Optimizing Regular Expressions for Faster Log Parsing
Regular expressions are widely used to extract and parse log fields in log ingestion, search, analysis, and alarm reporting. Performance testing reveals significant variations in parsing efficiency across different regular expressions. To improve log parsing efficiency, you can optimize regular expressions by refining matching rules, optimizing quantifiers, and narrowing the matching range.
Performance Test Data
- Test the following example log. This log contains a typical structure: timestamp [YYYY-MM-DD_HH:MM:SS], log level [LEVEL], module name [MODULE], and service data.
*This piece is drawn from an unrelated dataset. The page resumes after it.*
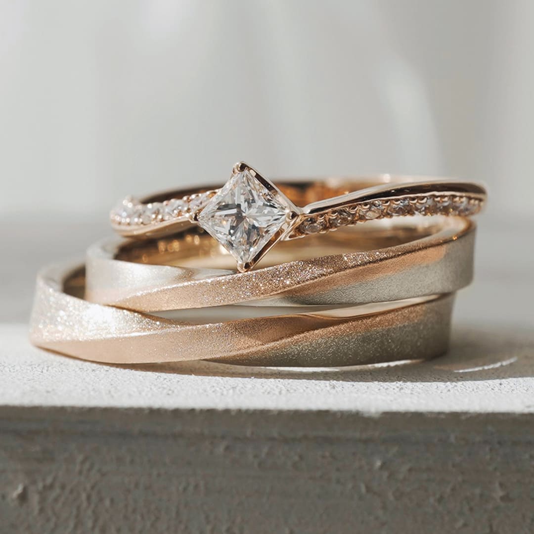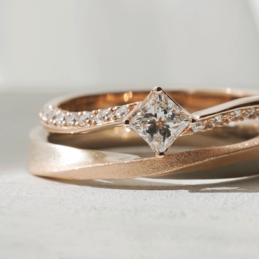 プリンセスカットが輝く婚約指輪

est log is: [2025-06-05_10:04:36] [WARNING] [MODULE_ecdio] - m9nTW7s4YVSh1ImDMV2y;51+0FSNo5
- Analyze the performance test results.
Regular Expression
Time for 10 Million Matches
Performance Improvement Ratio
Description
\[.*\]
5.0614793s
Reference value
Greedy mode. It matches [2025-06-05_10:04:36] [WARNING] [MODULE_ecdio] and takes a long time.
^\[.*\]
5.0501595s
0.22%
Adds a start limit.
\[\S*\]
1.8859162s
62.7%
Matches on-whitespace characters, that is, [2025-06-05_10:04:36].
^\[\S*\]
1.8838008s
62.8%
Adds a start limit.
^\[\d*-\d*-\d*_\d*:\d*:\d*\]
1.4906888s
70.6%
Specifies a digit format.
^\[\d{4}-\d{2}-\d{2}_\d{2}:\d{2}:\d{2}\]
851.6531 ms
83.2%
Adds a digit length limit.
- Conclusion:
- Replacing .* with \S* improves performance by over 60%, proving the importance of precise character definition.
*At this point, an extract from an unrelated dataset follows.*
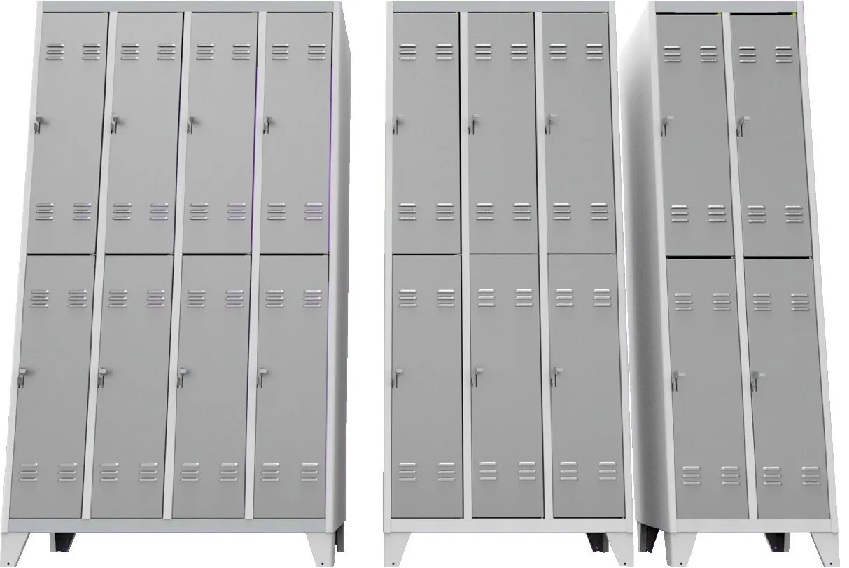 MODELO: GPC-8P Guardarropas De 8 puertas cortas (1.900×1.050×500 mm), MATERIAL Chapa 24 de Acero D.D. reforzada laminada en frío calibre 0,56 mm, CIERRE Para Candado, ACABADO Pintura Epoxi liquido horneable, PUERTAS La medida de la puerta de 250 mm x 820 mm, contiene rejilla de ventilación y dos bisagras por puertas, PATAS SANITARIAS calibre 1,20 mm. (Chapa 18) COLOR ESTANDAR (beige, marrón, gris claro, gris oscuro y azul),

- Using the anchor ^ slightly improves performance by 0.22%, but it is critical for multi-line matching.
- Replacing \d* with \d{Fixed length} further improves performance, verifying the effectiveness of precise quantifiers.
Regular Expression Optimization Suggestions
Regular expression performance optimization is critical for data collection system optimization. Precise character definition, proper use of quantifiers, systematic debugging, and advanced skills can significantly reduce the matching complexity for engines and improve collection efficiency.
- Precisely define matching characters to narrow down the search range and reduce backtracking.
- Replace general matching with precise character groups. For example, use [a-zA-Z] for letters, \d or [0-9] for digits, and \D or [^0-9] for non-digits.
- For timestamps, use \d to represent the year, month, day, hour, minute, and second, as they are digits.
- Delimiter - and _ are fixed characters and can be directly included in patterns.
- Use \S (equivalent to [^\s]) to replace non-whitespace characters.
- Properly use quantifiers to balance matching accuracy and efficiency.
Use + instead of * whenever possible to reduce unnecessary checks, as + requires at least one match.
- Use anchors (^ and $) to specify exact start and end positions, narrowing the matching range and improving efficiency.
Avoid using anchors ^ and $ with .*, for example, ^.*pattern, as this does not improve performance.
- Use the boundary character \b to extract a specific log level, such as [WARNING].
- Inefficient: \[.*?\]
- Efficient: \bWARNING\b. It uses word boundaries to avoid matching interference items such as WARNINGLY.